Data to use -
◆ ◆ ◆ ◆ ◆
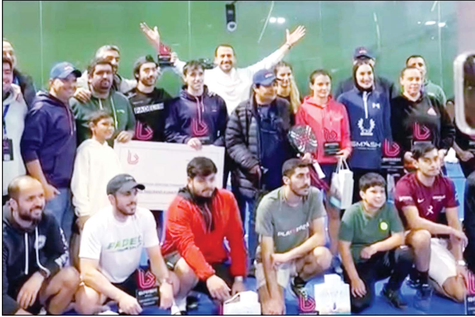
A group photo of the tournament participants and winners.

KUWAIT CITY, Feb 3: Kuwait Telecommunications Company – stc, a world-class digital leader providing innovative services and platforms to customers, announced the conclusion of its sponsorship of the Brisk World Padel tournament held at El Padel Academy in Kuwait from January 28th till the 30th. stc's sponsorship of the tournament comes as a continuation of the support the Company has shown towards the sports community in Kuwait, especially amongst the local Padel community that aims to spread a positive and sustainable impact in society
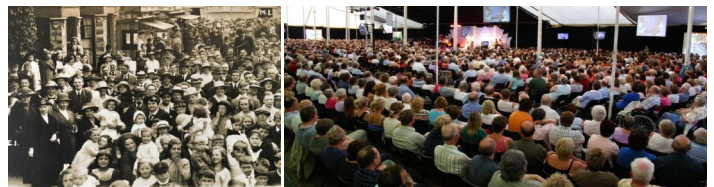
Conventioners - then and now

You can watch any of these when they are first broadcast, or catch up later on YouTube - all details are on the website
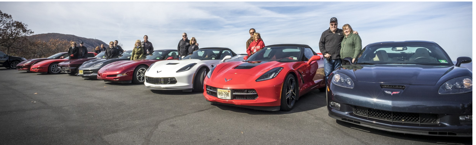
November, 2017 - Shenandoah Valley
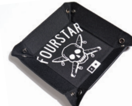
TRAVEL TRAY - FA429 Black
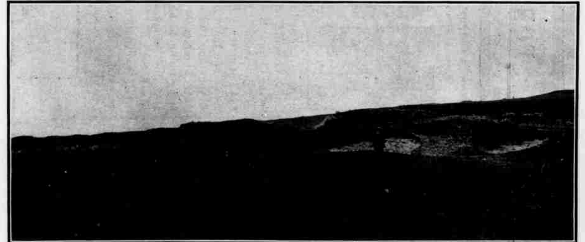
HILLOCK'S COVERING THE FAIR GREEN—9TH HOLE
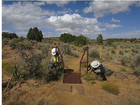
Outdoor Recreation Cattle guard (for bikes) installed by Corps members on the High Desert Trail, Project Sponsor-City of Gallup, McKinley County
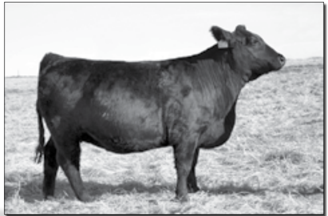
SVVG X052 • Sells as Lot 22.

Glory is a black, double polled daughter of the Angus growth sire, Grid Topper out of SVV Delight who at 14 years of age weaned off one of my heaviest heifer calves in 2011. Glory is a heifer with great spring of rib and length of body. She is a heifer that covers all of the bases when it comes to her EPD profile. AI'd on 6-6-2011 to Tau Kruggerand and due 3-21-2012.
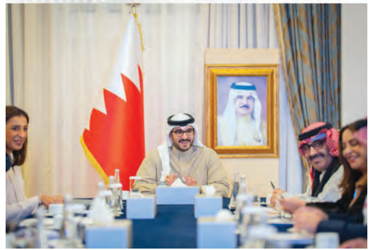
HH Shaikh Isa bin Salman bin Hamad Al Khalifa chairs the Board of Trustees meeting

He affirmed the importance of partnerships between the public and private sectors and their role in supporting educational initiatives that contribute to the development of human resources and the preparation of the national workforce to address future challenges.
◆ ◆ ◆ ◆ ◆
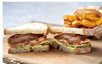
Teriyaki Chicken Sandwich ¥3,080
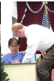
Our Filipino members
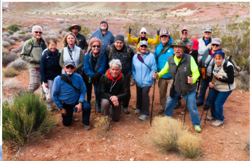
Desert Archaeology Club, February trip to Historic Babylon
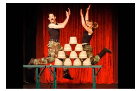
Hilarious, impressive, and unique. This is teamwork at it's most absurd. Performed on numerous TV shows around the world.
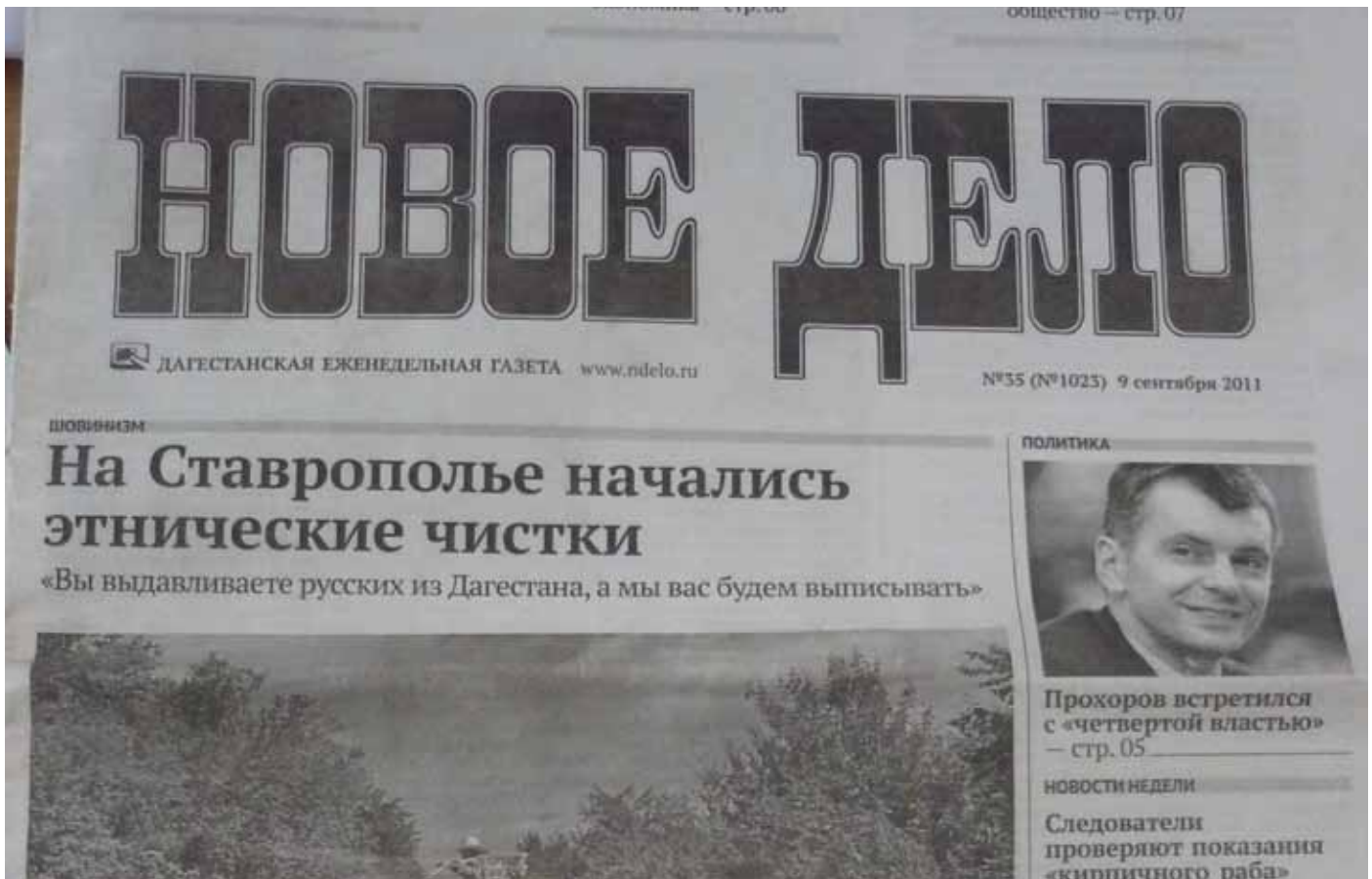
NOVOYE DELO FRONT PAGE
◆ ◆ ◆ ◆ ◆
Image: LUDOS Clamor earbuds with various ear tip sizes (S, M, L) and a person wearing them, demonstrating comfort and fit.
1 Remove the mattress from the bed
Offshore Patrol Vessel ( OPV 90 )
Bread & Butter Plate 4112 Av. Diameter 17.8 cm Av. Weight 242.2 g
◆ ◆ ◆ ◆ ◆
What you should do -
Which of the lines in the data contain the string "Desert"? Return each one.

Result -
Outdoor Recreation Cattle guard (for bikes) installed by Corps members on the High Desert Trail, Project Sponsor-City of Gallup, McKinley County
Desert Archaeology Club, February trip to Historic Babylon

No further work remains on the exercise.